西武百貨店は,2001年1月に全社導入したExchange 2000システムを使って,業務改革を推し進めている。ネットワークのサーバーOSは,従来のNT 3.51から,一気にWindows 2000 Serverに切り替えた。
■ExchangeのクライアントでもあるOutlook上に業務ポータル画面を用意した。情報共有の高速化など,早くも成果を上げつつある。
■クライアントにもWindows 2000 Professionalを導入した。グループ・ポリシーを使ってユーザーの環境を一括管理し,パソコン故障時に業務の中断を最小限に抑える仕組みを整えた。
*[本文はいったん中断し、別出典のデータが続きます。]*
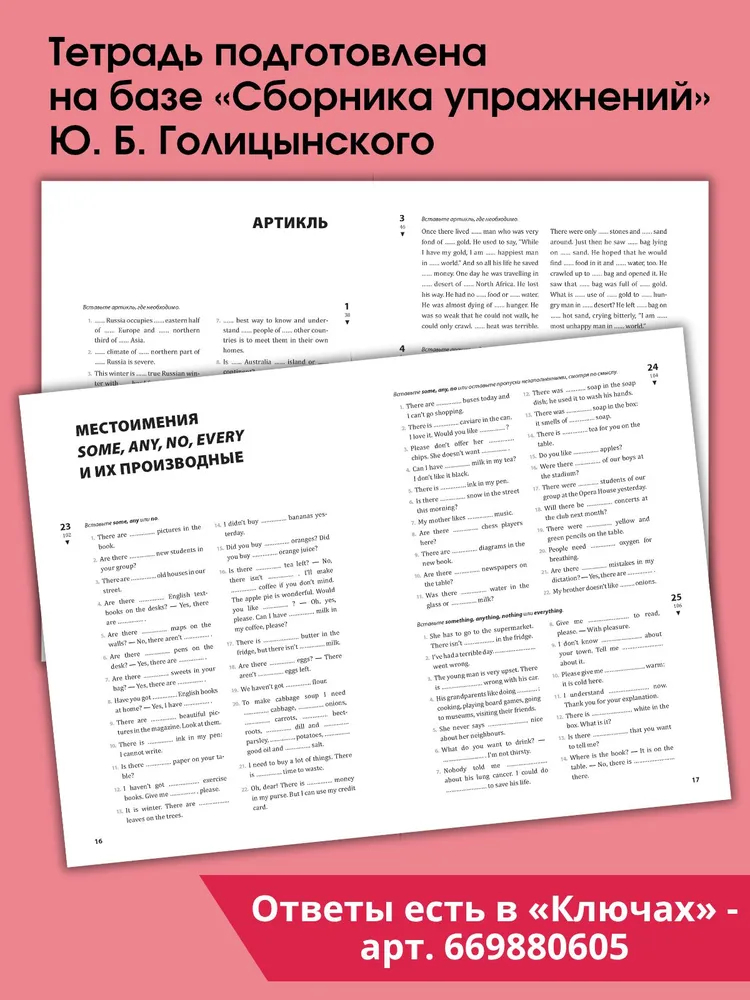Сборник упражнений по грамматике английского языка Ю. Б. Голицынского широко используется в учебном процессе общеобразовательных учреждений России и стран СНГ. Система упражнений Ю. Б. Голицынского на протяжении многих лет доказала эффективность в решении учебных задач. Предлагаемая рабочая тетрадь для 10–11 классов (в двух частях) создана на основе материалов сборника. Первая часть содержит задания и упражнения для самостоятельной работы учащихся, способствующие усвоению, активизации и систематизации лексико-грамматического материала по следующим темам: артикль, существительное, местоимения some, any, no, every и их производные, much, many, (a) little, (a) few, степени сравнения прилагательных, предлоги, употребление времен, пассивный залог, согласование времен, косвенная речь, инфинитив. Задания и упражнения отличаются разнообразием форматов. В тетради дается двойная нумерация упражнений. Второй номер каждого упражнения позволяет проверить правильность его выполнения по изданию.

図1●西武百貨店が導入したWindows 2000 ServerとExchange 2000 Serverによるネットワークの概要
25店舗を含む29拠点をシングル・ドメインで構築する。各拠点にドメイン・コントローラを配置し,Windows 2000ドメインのサイトを分ける。本部やユーザー数の多い拠点には複数のExchangeサーバーを置いて,ユーザーを分散する。

 西武百貨店は2001年1月に,全社のネットワーク・インフラをWindows 2000 Serverで再構築した。同時に全国25店舗を含む29拠点に,マイクロソフトが2000年11月に発売したばかりのExchange 2000 Serverを早くも導入し,本番稼働を始めた(図1[拡大表示])。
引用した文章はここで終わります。